Is anyone truly meant to be forgotten? Five years ago, I would have told you the answer to that is 'no,' but now…. Now I suppose I can't be sure of anything. I have pushed you from my mind time and time again. I have forgotten you, but each time you snake you way into my heart again and put me right back where we started.

I suppose I could just leave, I could just go—you did tell me to once. Do you remember? You wouldn't, your erasures work fine. It is only mine that end up botched, only mine that leave me with traces of memories of you. Nothing clear, mind you. Just faint glimpses of the life I lead with you as my co-pilot. I can almost smell the scent of your hair. You know how the past has a smell, but it always manages to evade you? It's that type of smell. Almost, but not quite, there. I remember you were the perfect girl for me, but I suppose you never would have liked to have been called that. You would have considered it classifying you as a "concept." You never did like that, having someone else try to figure you out. Learn what made you tick. I suppose you must be happier now, because the one man who ever got close can't even remember your face anymore. To me, you are merely a nameless entity. A person I know existed, but cannot find. I cannot place you within a time.

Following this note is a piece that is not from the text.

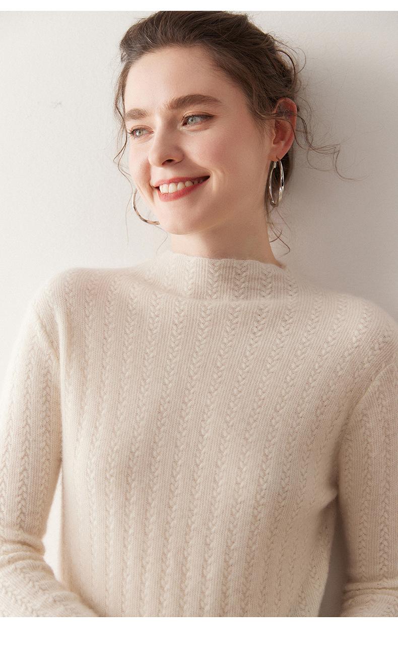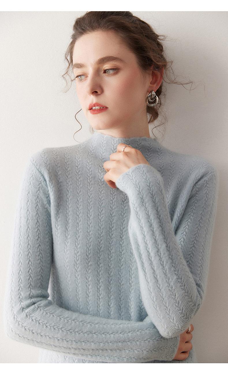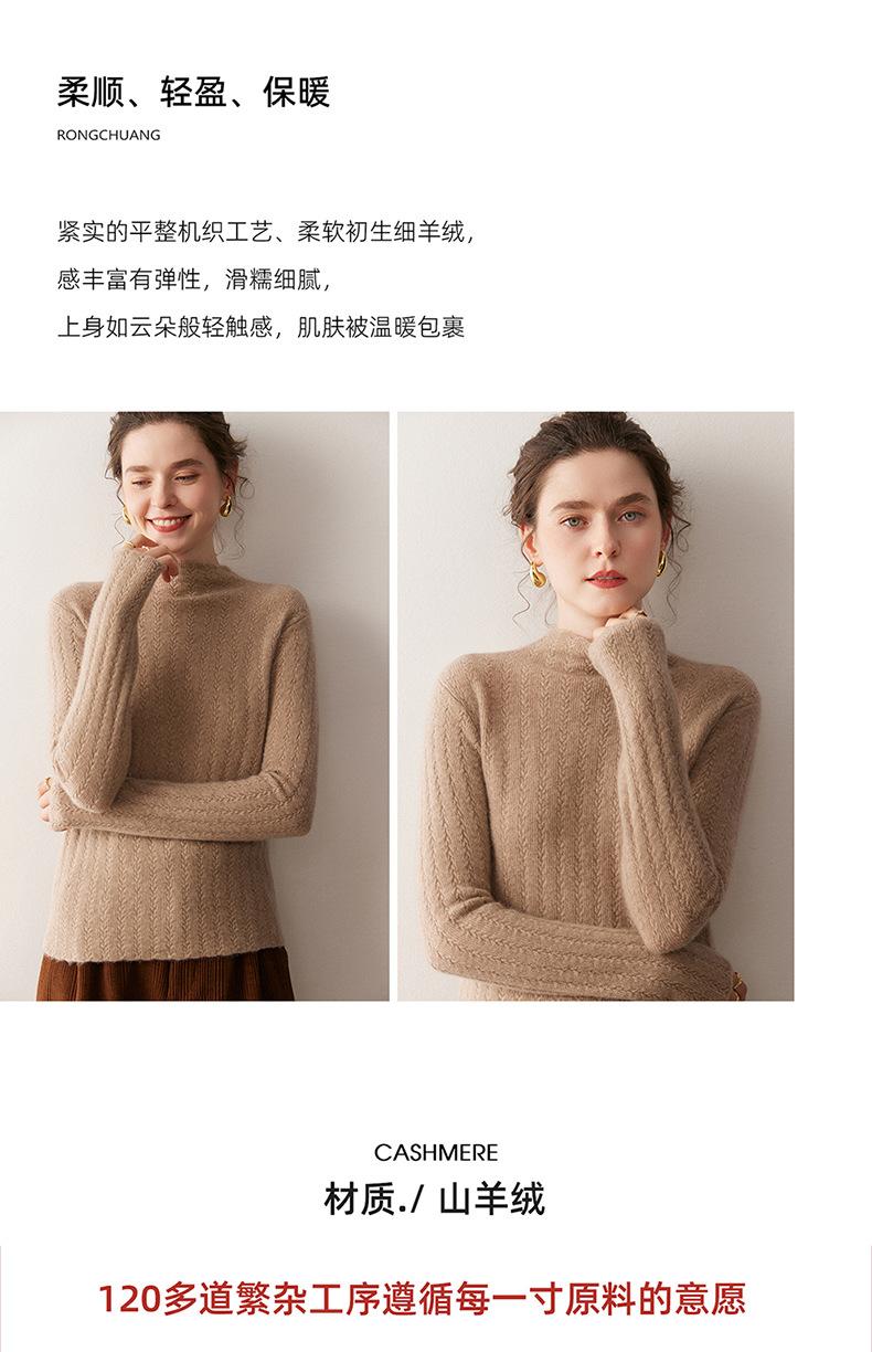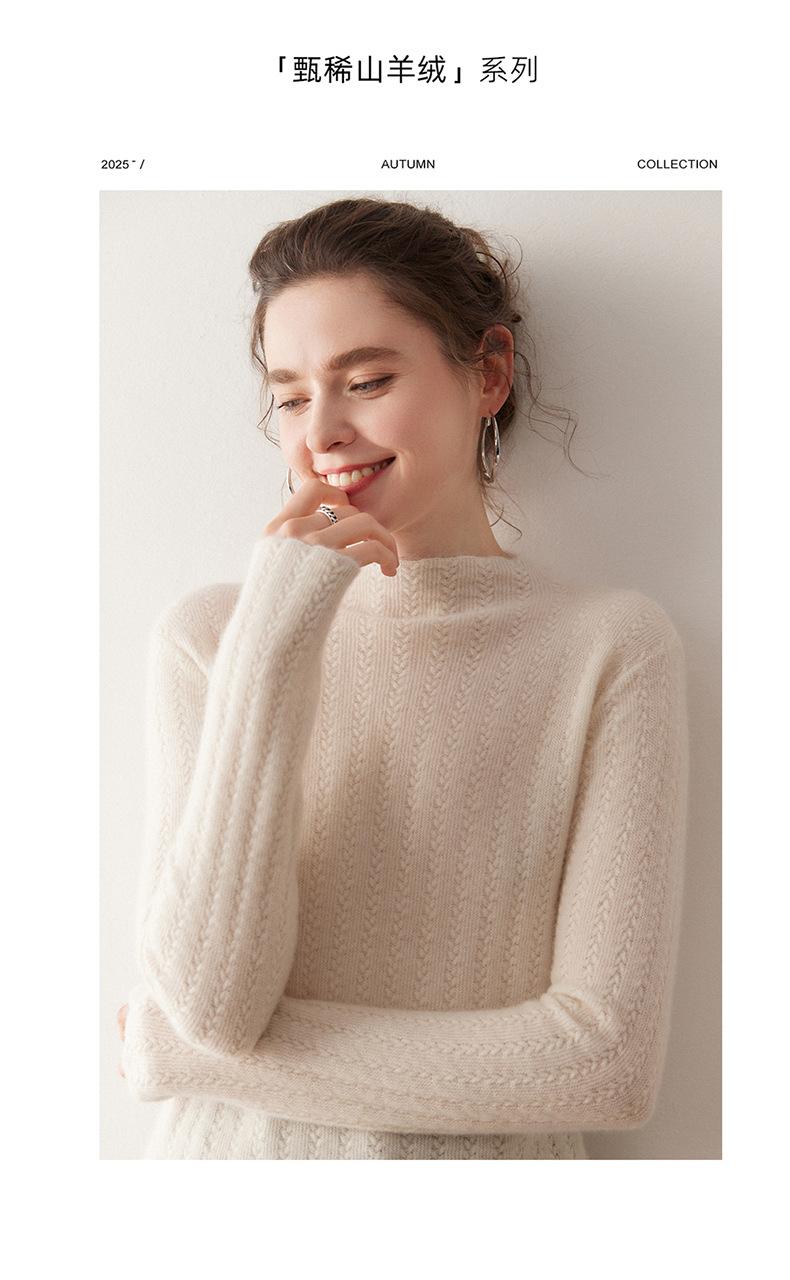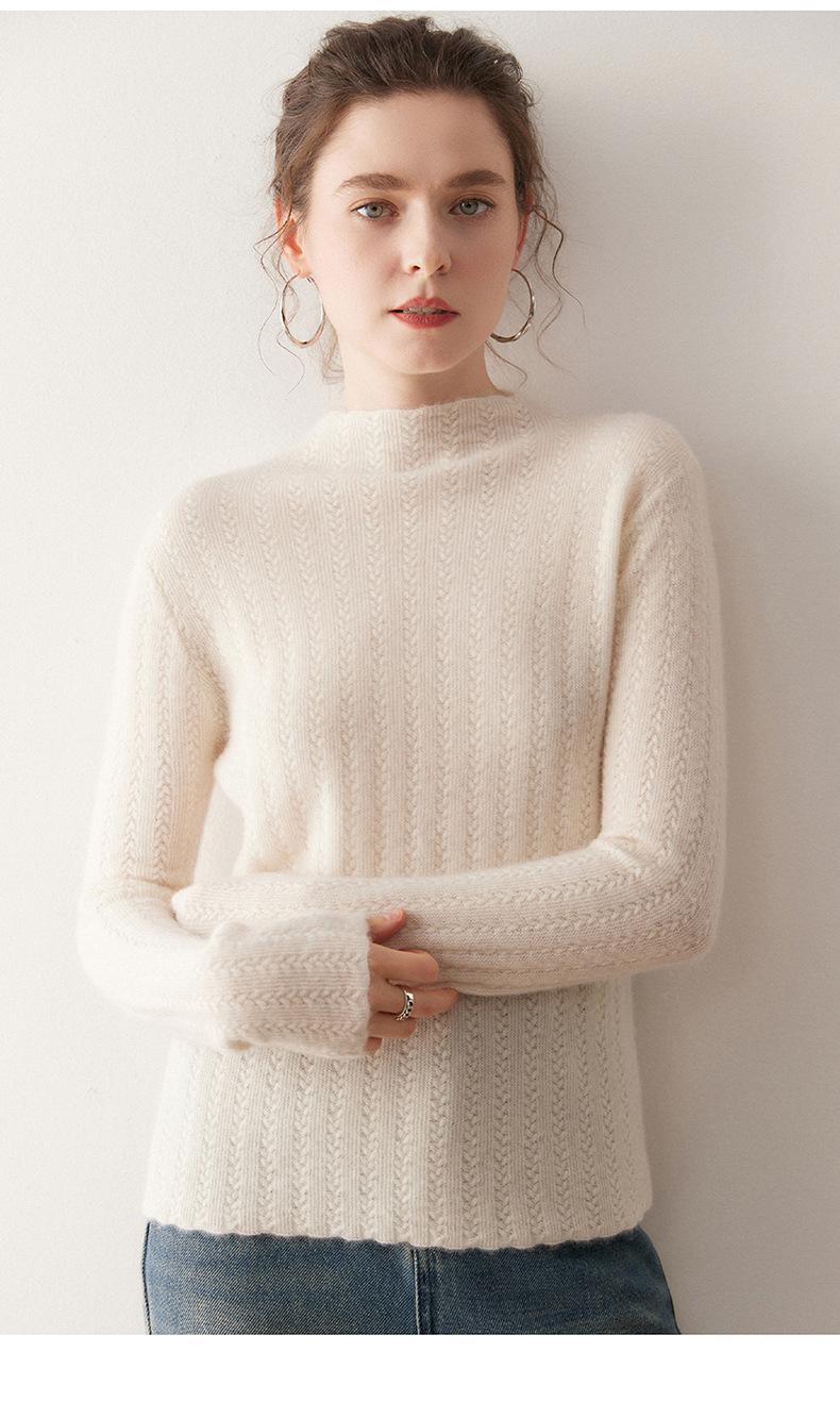 Suéter de Cachemira de Moda de Cuello Medio Alto Otoño e Invierno Nuevo para Mujer Patrón de Hojas de Cuerpo Entero Exquisito Versátil Cómodo Grueso Camiseta Base

I lay on this bed and wonder if you ever laid here with me. I'm almost sure you did. I wonder if you slept next to me here. I wonder if you had sex with me here. I wondered if you erased me because you loved me, or because you hated me. I wonder how I felt about you. I wonder if you are one of the women I pass on street everyday. If I see you and never know. If we pass each other by and don't suspect a thing.

Did you ever live with me? Did I want you to marry me? Did I ever ask you?

Part of me wishes I could go back and have them finish the procedure. Part of me wishes I could go back and demand to know whom I had erased. But I can do neither—I cannot remember where the procedure was done.

All I know is that we have lived in a constant cycle of knowing and not knowing, remembering and forgetting. And maybe it's better to not know who you are this time around. Or maybe, if I did know, I could stop you from erasing your memory again. And if I stopped you, then I wouldn't try to forget you either. I can't know, though. I could never know. You are merely a shadow of the past, a ghost, and that is all you will ever be.

And this is how I live. I look at every woman who passes me, trying to figure out if she could be you. Somehow, none of them seem as though they could be you. They are too normal to be you—I remember you were exuberant. Exciting. Different.

I go to work, I come home. Sometimes, I go to Barnes and Noble on the way in between the two. I love to read. I wonder if you remember that. I wonder if you remember anything. There is a girl there, with brightly colored hair and strong opinions. I like her. She talks to me. She probably thinks I'm boring. In the end, I guess it doesn't matter. It's you I'm supposed to be with.

And in the end, I suppose that's what it comes down to—a tragedy of lost love long forgotten. But the faint ghost of you is etched into my heart, and, every day, I search.